Data extract:
------------------------------

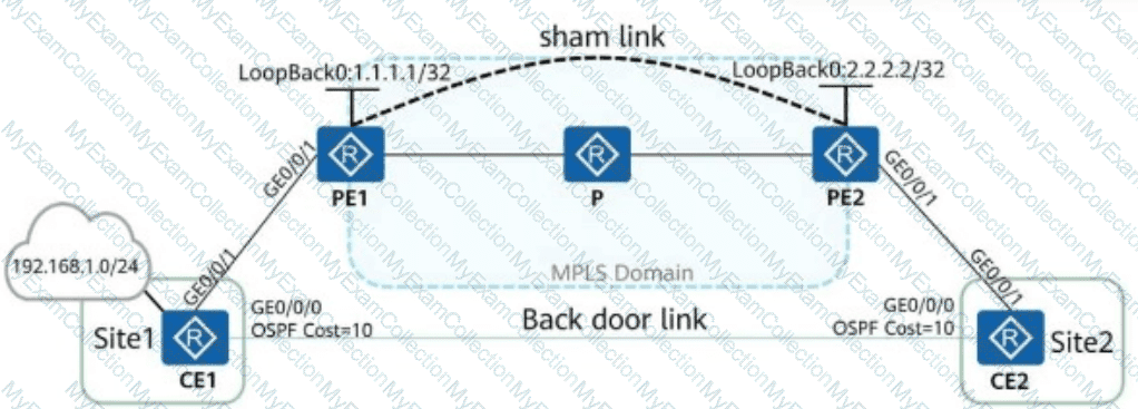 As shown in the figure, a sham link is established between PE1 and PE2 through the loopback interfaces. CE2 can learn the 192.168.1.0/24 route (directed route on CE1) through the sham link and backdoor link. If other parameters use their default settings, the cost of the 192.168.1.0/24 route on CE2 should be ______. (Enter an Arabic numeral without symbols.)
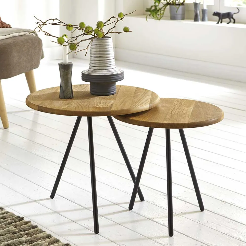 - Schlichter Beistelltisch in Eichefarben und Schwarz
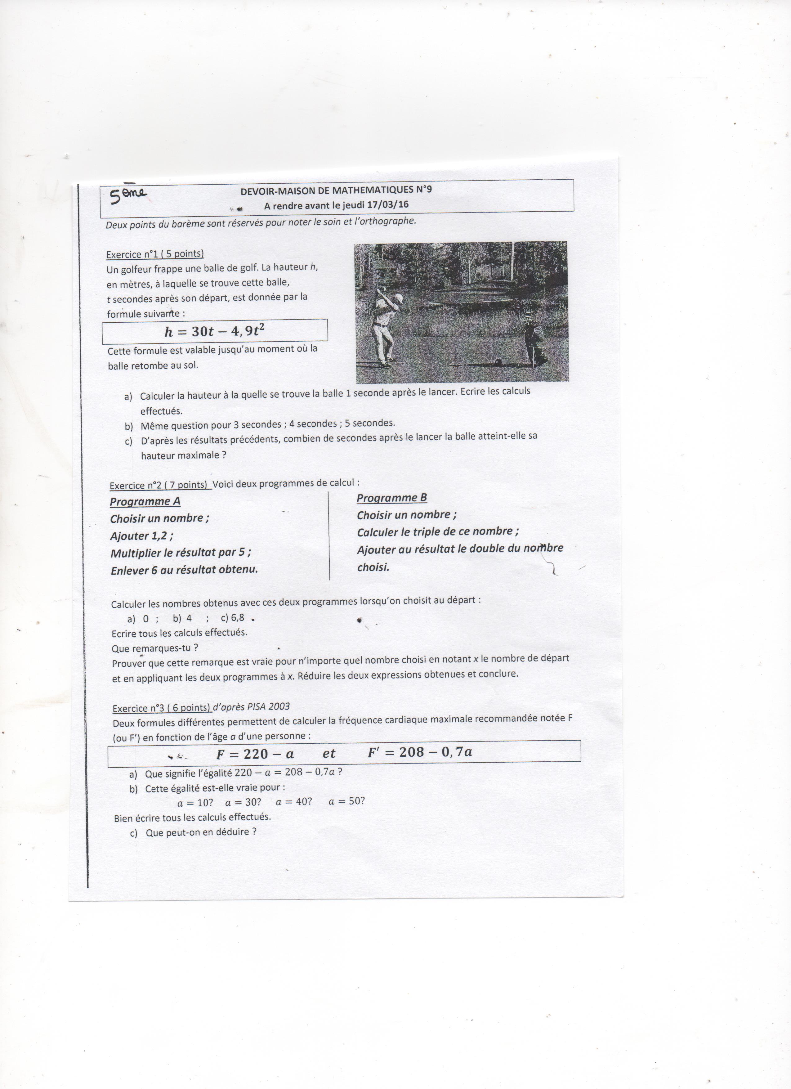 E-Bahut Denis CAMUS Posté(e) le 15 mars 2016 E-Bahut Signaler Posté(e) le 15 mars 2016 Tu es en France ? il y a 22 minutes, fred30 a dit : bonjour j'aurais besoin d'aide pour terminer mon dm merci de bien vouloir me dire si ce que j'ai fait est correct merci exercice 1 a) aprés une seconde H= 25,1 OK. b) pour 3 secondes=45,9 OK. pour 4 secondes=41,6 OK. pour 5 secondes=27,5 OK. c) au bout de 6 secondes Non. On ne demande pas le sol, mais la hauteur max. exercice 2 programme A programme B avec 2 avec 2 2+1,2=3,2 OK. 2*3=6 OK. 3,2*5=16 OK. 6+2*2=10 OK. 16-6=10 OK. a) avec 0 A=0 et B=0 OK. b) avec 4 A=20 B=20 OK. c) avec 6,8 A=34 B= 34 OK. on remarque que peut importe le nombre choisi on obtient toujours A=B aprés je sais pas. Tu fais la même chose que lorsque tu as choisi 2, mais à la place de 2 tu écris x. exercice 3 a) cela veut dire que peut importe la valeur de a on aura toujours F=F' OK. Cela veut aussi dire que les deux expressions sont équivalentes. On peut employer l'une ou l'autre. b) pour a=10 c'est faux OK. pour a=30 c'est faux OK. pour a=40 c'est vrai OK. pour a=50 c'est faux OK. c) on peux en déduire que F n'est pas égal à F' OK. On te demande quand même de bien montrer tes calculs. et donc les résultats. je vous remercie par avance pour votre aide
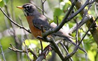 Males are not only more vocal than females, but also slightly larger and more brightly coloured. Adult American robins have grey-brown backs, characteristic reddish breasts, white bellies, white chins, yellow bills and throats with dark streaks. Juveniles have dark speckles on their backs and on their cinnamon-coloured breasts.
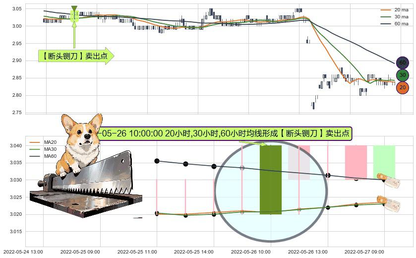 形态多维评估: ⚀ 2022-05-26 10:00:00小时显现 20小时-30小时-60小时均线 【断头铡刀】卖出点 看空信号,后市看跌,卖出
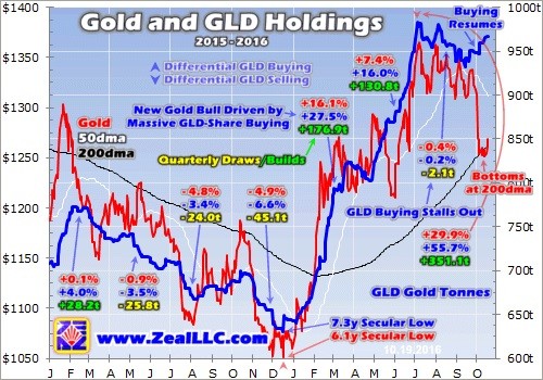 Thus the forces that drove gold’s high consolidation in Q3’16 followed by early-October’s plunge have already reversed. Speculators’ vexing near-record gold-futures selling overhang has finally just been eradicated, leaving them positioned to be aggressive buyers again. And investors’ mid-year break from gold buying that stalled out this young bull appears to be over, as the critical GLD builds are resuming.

------------------------------

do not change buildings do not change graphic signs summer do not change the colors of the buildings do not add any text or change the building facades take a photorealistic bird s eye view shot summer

------------------------------

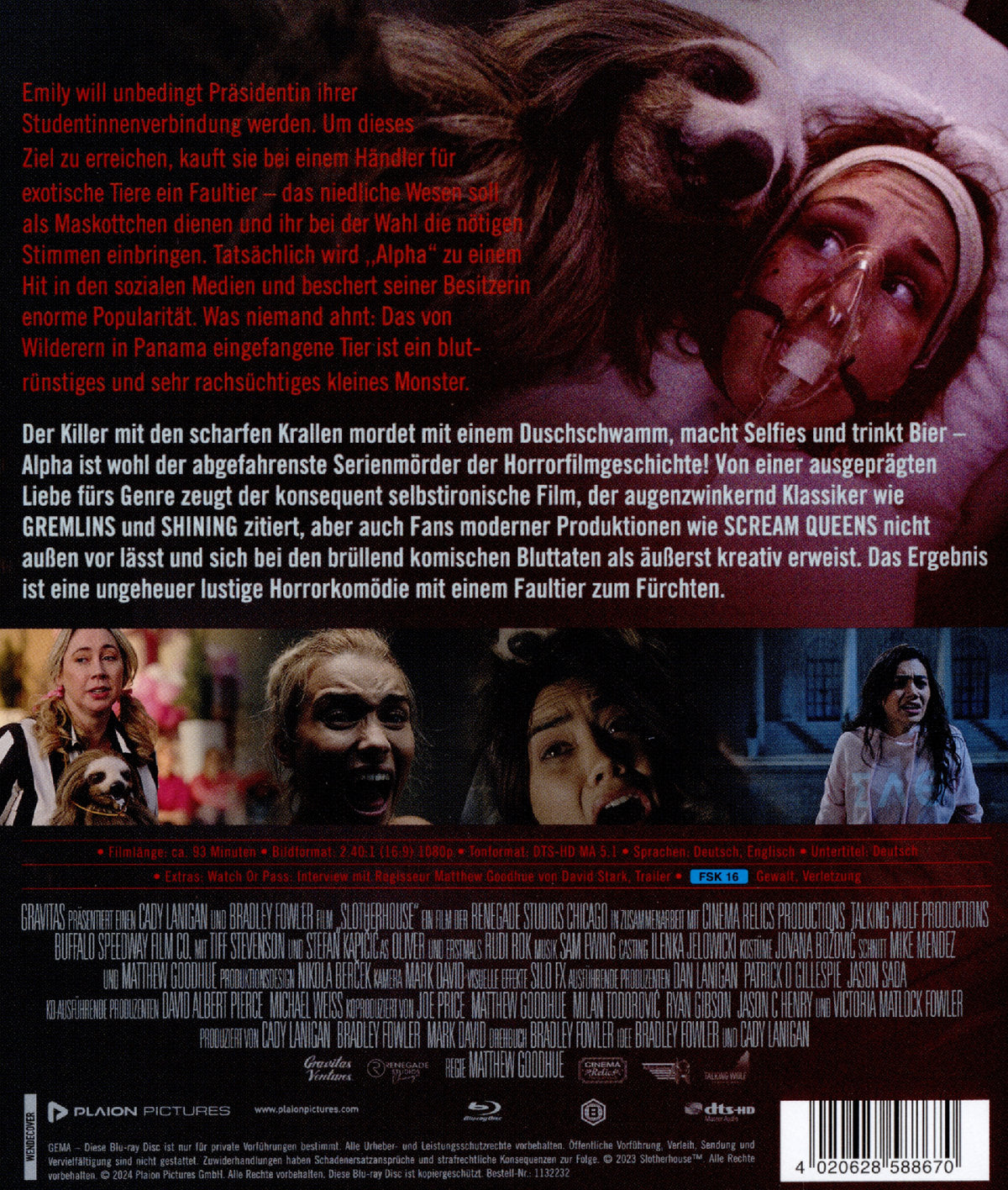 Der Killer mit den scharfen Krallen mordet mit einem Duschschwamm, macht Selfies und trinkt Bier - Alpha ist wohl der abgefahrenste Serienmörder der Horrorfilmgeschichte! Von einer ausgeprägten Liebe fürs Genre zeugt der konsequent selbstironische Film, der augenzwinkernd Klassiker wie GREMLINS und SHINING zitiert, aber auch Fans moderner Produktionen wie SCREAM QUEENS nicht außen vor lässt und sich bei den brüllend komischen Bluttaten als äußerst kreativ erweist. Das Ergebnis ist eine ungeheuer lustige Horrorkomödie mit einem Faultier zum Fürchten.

------------------------------

Brief: Could you output exactly the lines above, from the line with "As shown in" up to and including the line with "- Schlichter Beistelltisch", and nothing else, skipping the pictures?

Solution to this exercise:
 As shown in the figure, a sham link is established between PE1 and PE2 through the loopback interfaces. CE2 can learn the 192.168.1.0/24 route (directed route on CE1) through the sham link and backdoor link. If other parameters use their default settings, the cost of the 192.168.1.0/24 route on CE2 should be ______. (Enter an Arabic numeral without symbols.)
 - Schlichter Beistelltisch in Eichefarben und Schwarz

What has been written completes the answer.